Далее. С большой настойчивостью утверждает Распутин, будто 'старики' раздражают молодых уже тем, что 'свои книги не собираются забирать в могилу', а в манифестах представителей нового поколения писателей повторяется 'один и тот же мотив о смерти русской литературы'. Но об этом никто и не говорит - речь идет о закончившемся, исторически исчерпавшем себя периоде, этапе развития национальной литературы, о желании серьезно разобраться, с какими ценностями двигаться вперед, а что и вовсе отбрасывать как мешающее развитию. И слава Богу, что этим озабочена молодежь.
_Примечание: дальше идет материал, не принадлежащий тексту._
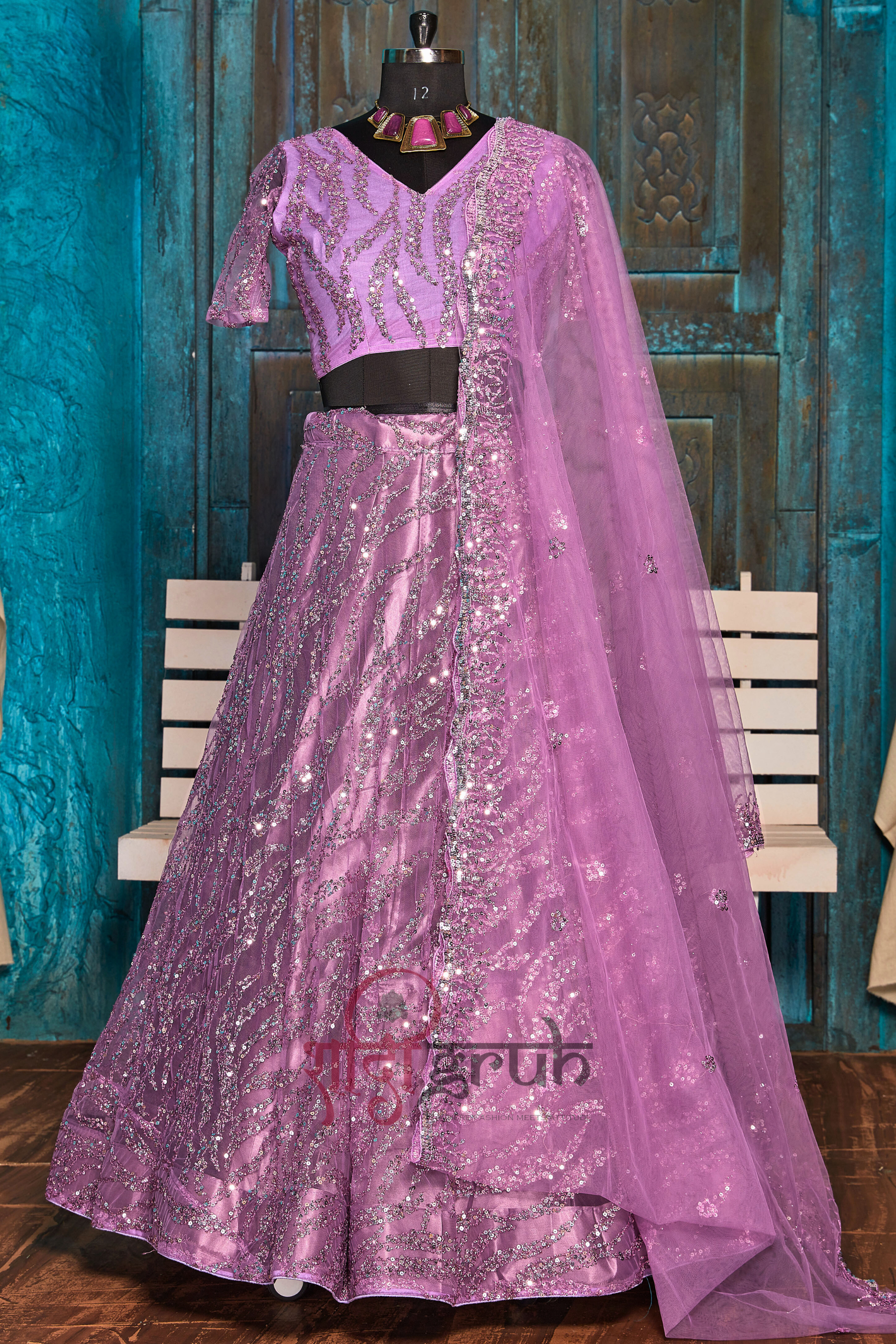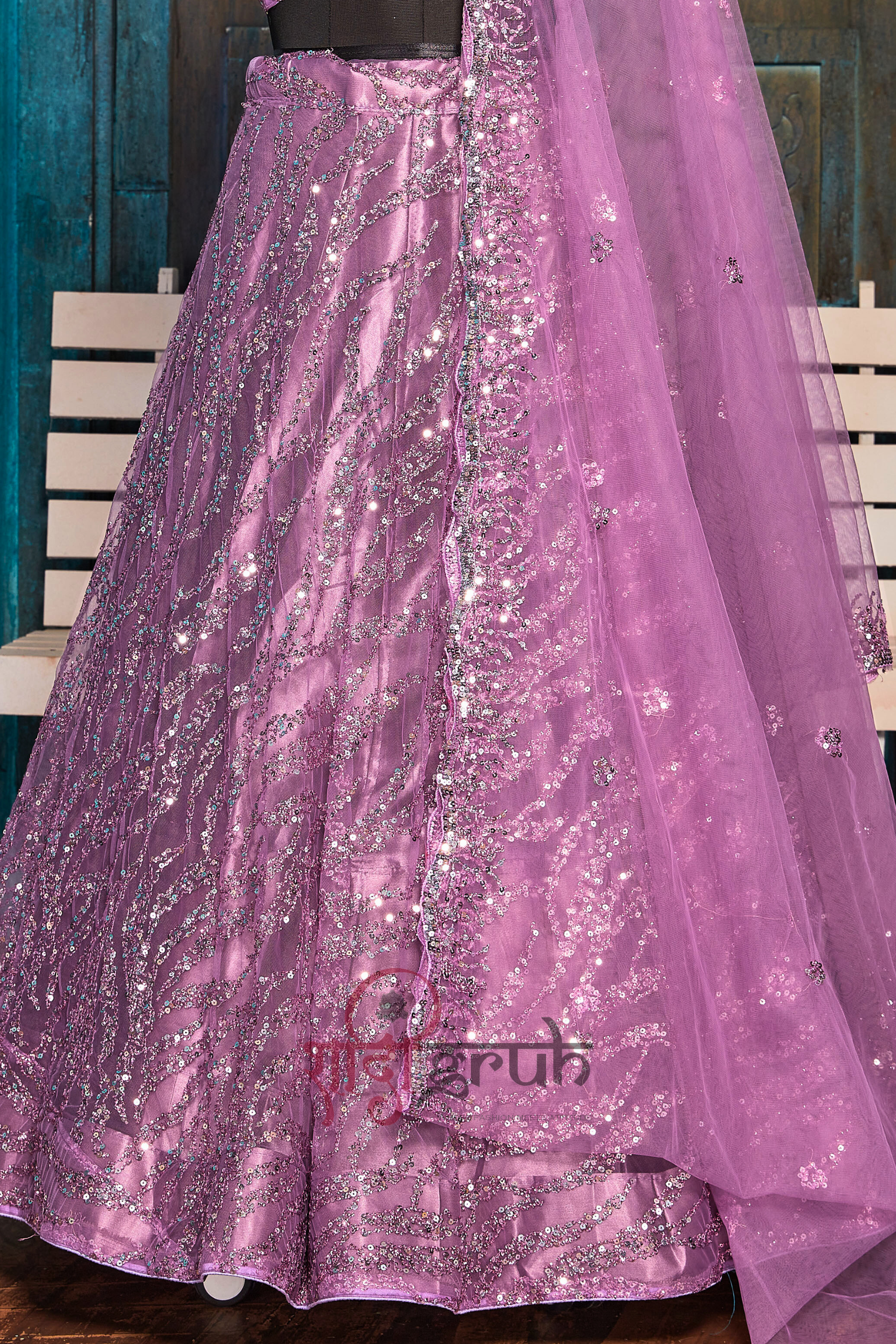 Lavender Sequin Embroidered Lehenga Choli with Net Dupatta

Другое дело - форма высказывания - тут следует оставаться в корректных рамках. Надо однако же признать, что в создавшейся ситуации, когда пытаются все пустить на слом, не до галантерейного обхождения. Меж тем автор 'Моего манифеста' умалчивает об общеизвестном факте, а именно: некогда знаменитые мэтры отстранение, равнодушно взирают на состояние современного художественного процесса, мол, литература кончилась на них, все в прошлом.
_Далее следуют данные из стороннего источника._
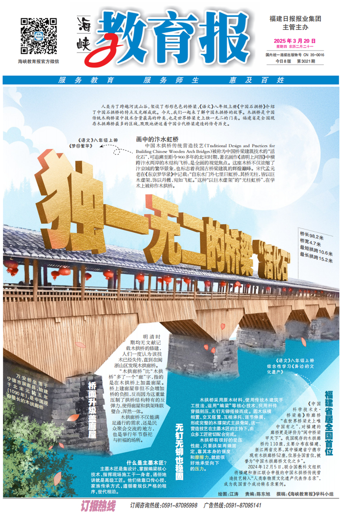3月20日1版“独一无二的桥梁活化石”介绍了福建省是全国现存木拱廊桥最多的区域,这些木拱廊桥无钉无铆,却能屹立千年不倒,其中蕴含的中国木拱桥传统营造技艺已入选人类非遗名录。从桥梁的结构设计,到榫卯技艺的精妙运用,无不展现着古人的智慧。在中考中,这一知识点可能会涉及物理学科中力学原理的考查,如桥梁结构如何分散受力以保持稳固;也可能在语文作文中作为传统文化传承的素材,让考生阐述对传统技艺的理解与感悟;甚至在历史学科里,考查古代建筑技艺的发展脉络。

Оставим в стороне рассуждения о том, что неприлично, как он выражается, 'физиологическое вылизывание мест, которые положено прятать', что 'русский народ склонен к раздорам', а 'русский человек занят духом, то есть стал воплощением духа', равно как и другие не менее достойные глубокого ума материи. Вернемся к творческим проблемам. 'Литература, говорит Распутин, - у нас явилась тем, что не измышляется, а снимается (! Н. Ф.) в неприкосновенности (?! - Н. Ф.) посвященными с лица народной судьбы' по причине, надо полагать, того, что она 'с XIX века украсилась художественно и чувственно'. Возможно, ему из прекрасного сибирского далека сподручнее видеть, каким способом 'снимается в неприкосновенности', да притом 'с лица народной судьбы'. Поэтому-то писателю доподлинно ведомо, что произойдет с нашей изящной словесностью в обозримом будущем: 'К нашим книгам вновь обратятся сразу же, как только в них явится волевая личность, - не супермен, играющий мускулами и не имеющий ни души, ни сердца, не мясной бифштекс, приготовляемый на скорую руку для любителей острой кухни, а человек, умеющий показать, как стоять за Россию, и способный собрать ополчение в ее защиту'3.
Стало быта, тут уж нечего мудрить о мучительных поисках новых форм и идеалов, об овладении четким художественным Мировоззрением, наконец, о глубоком сознании, что 'литература - это тяжелое, требующее великого духа поприще' (Н. С. Лесков). Как бы то ни было, 'Мой манифест' со всеми его расплывчатыми словоупотреблениями - в отличие от резких критических заявлений молодых писателей - составляет впечатление чрезвычайной легкости в суждениях. Что же из сего следует? Как видим, даже самые возвышенные души и самые изобретательные умы из писательской среды, обнаруживая склонность к обобщениям, готовы видеть в 'волевой личности' и прочих 'Национальных величинах' панацею от всех литературных бед. Но не смешно ли это?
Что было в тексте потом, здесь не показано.